As a computer vision researcher, I'm not at all convinced that deep learning methods will be "final" in any sense. I know that in the past, neural networks were "final", and then graphical models were "final", and so on.
And while deep learning methods have indeed shown remarkable improvements recently, they're not yet state-of-the-art on the most important/relevant computer vision benchmarks.
As a computer vision researcher it must be
pain you to see that all your learnings are
for nought when faced with deep learning
methods which can get amazing performances
from raw pixels (see mnist results for
example). Also see ronan collobert's natural
language processing from scratch paper where
handily beats the past few decades of nlp
research in parsing (in terms of efficiency,
and probably performances soon too).
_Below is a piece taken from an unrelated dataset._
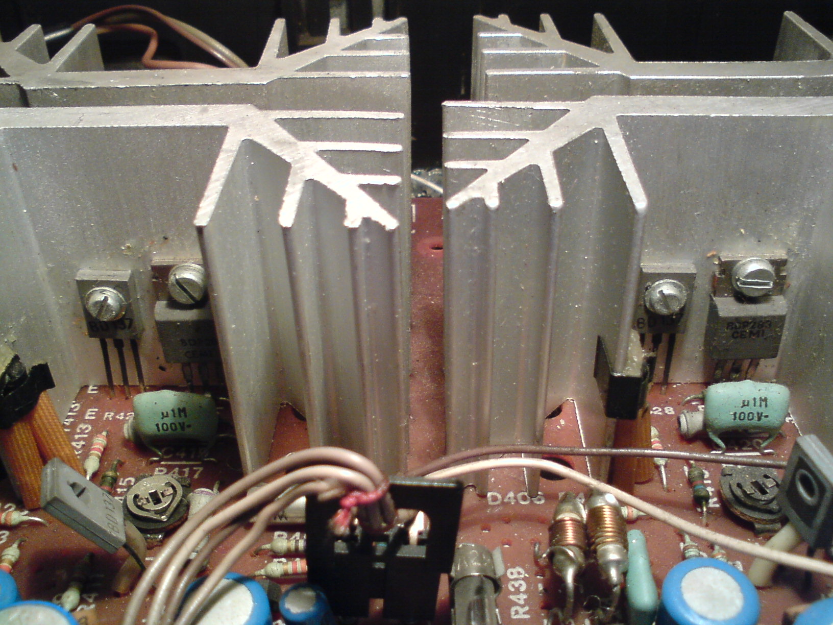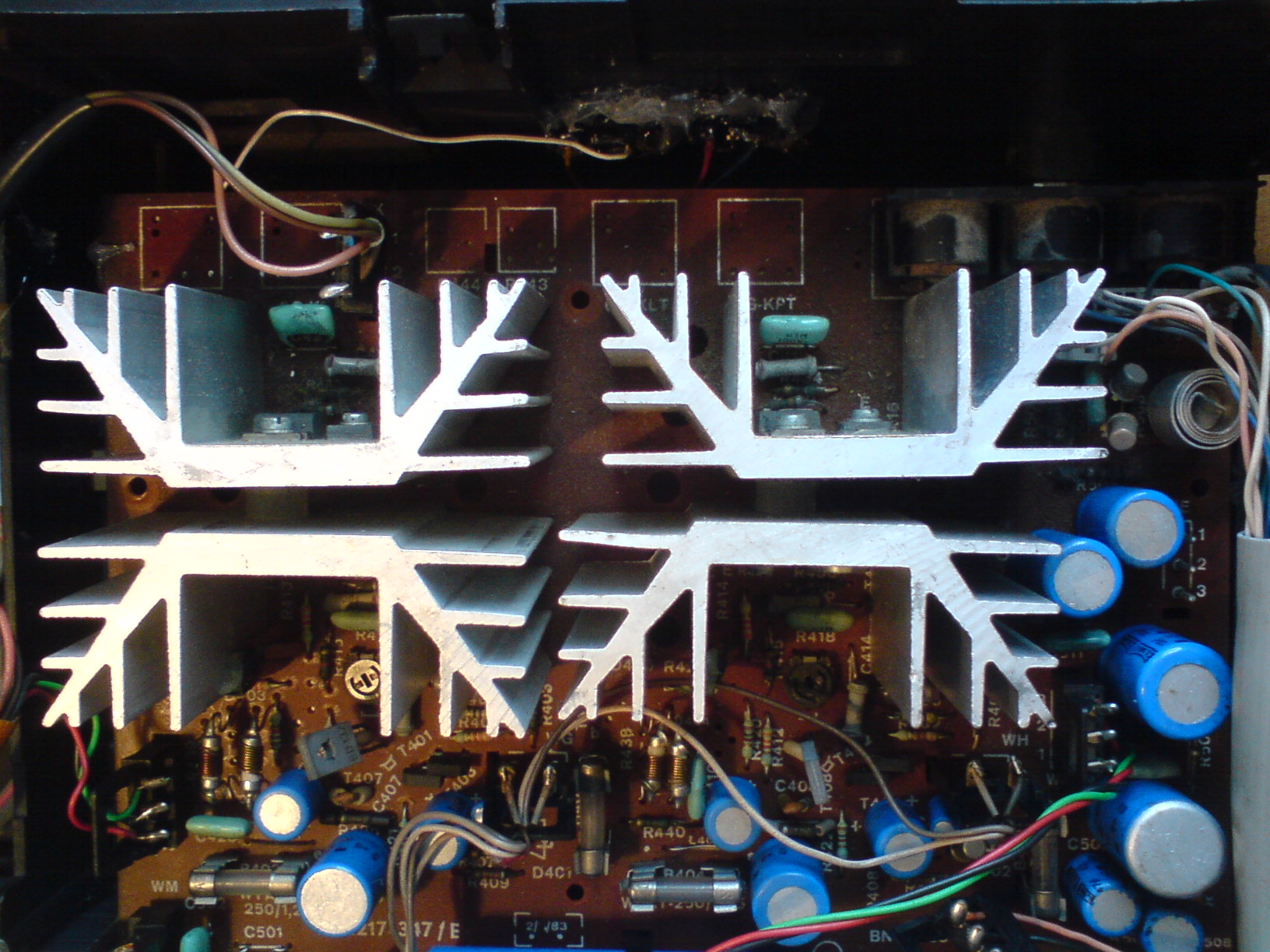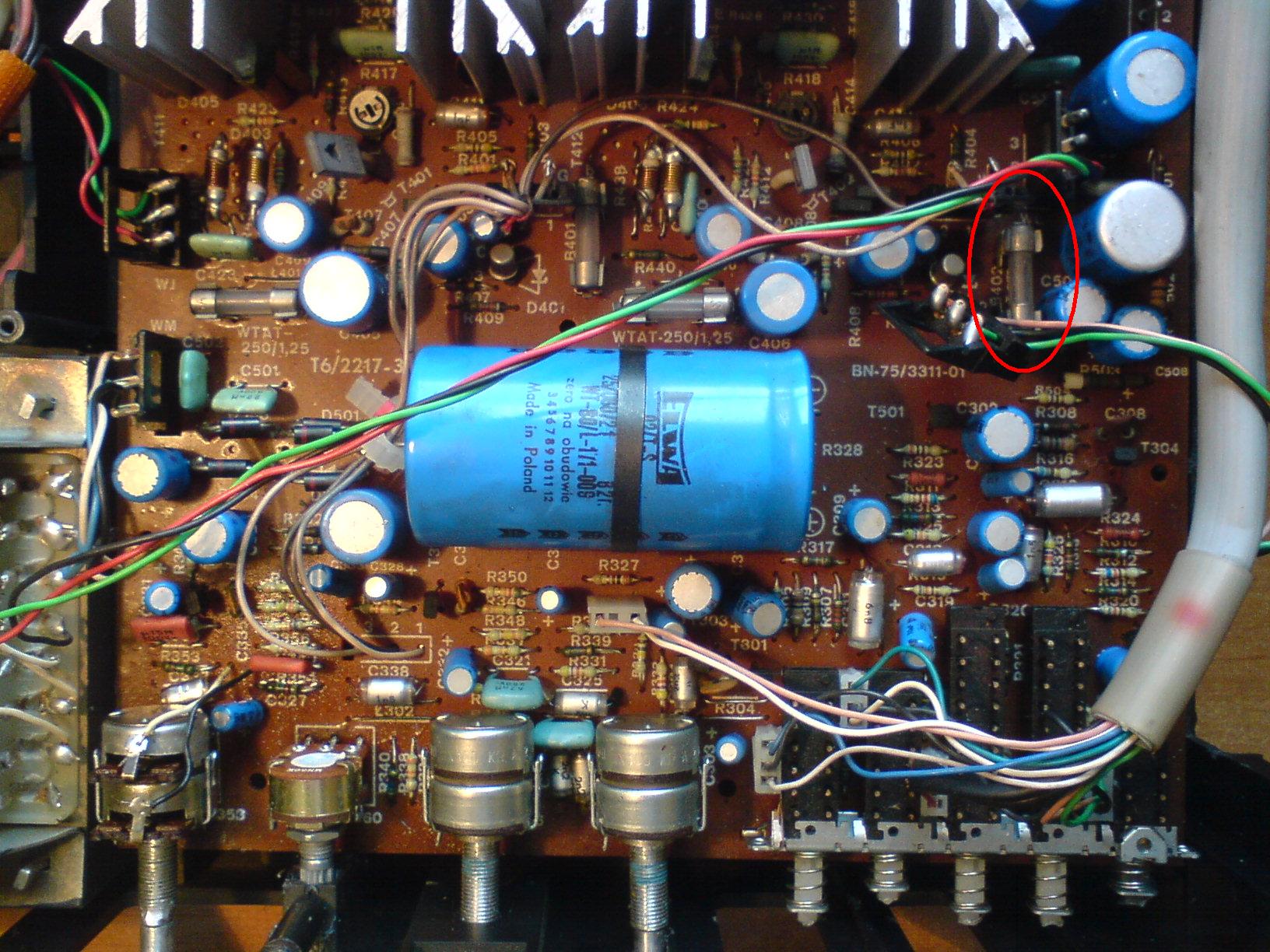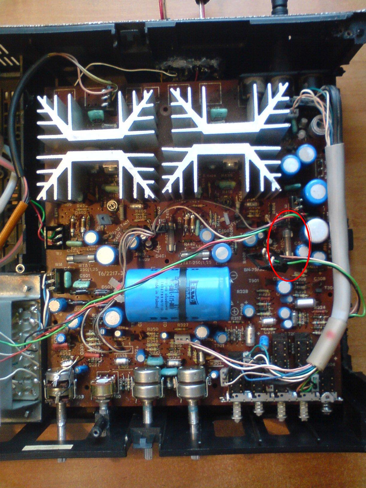 Witam. Bawiłem się trochę w budowę własnej obudowy do wzmacniacza od Zodiaka DSS 402. Calkiem fajnie mi szło do czasu jak postawiłem do pionowo i prawdopodobnie obudowa złączyła dwa radiatory i była zwara. Przestał grać mi jeden głosnik, rozkręciłem obudowe i byl przepalony jeden bezpiecznik (zaznaczony na zdjęciu). Zastąpiłem go kabelkiem, podłączyłem i głosnik gra, tylko mocno charczy i dźwięk jest słaby. Podczas przepalenia zaczęło coś śmierdzieć spaloną elektroniką ale nie wiem czy to nie śmierdział ten bezpiecznik. Mógłby mi ktos powiedziec co zjarałem i co należy wymienić żeby grało tak jak dawniej? Dodam, że drugi głosnik (lewy) gra bardzo dobrze.

Or see
the microsoft research speech recognition
swork which has beaten out all previous by
a significant margin using deep learning.
Not at all! I'd love for vision to be solved, no matter what the method. I'm more than happy to move onto another field if that's the case.
But I don't think it is. MNIST data is not particularly challenging. It's great that deep learning methods work there -- they must be doing something right.
getting best results on the harder
vision challenges is simply a matter
of let the computers run long enough.
Collobert's work for example took
3 months of training. I don't see why
vision challenges should any different.
Perhaps the vision researchers, of which
there are many more people than the few
deep learning groups should try it.
And while deep learning methods have indeed shown remarkable improvements recently, they're not yet state-of-the-art on the most important/relevant computer vision benchmarks.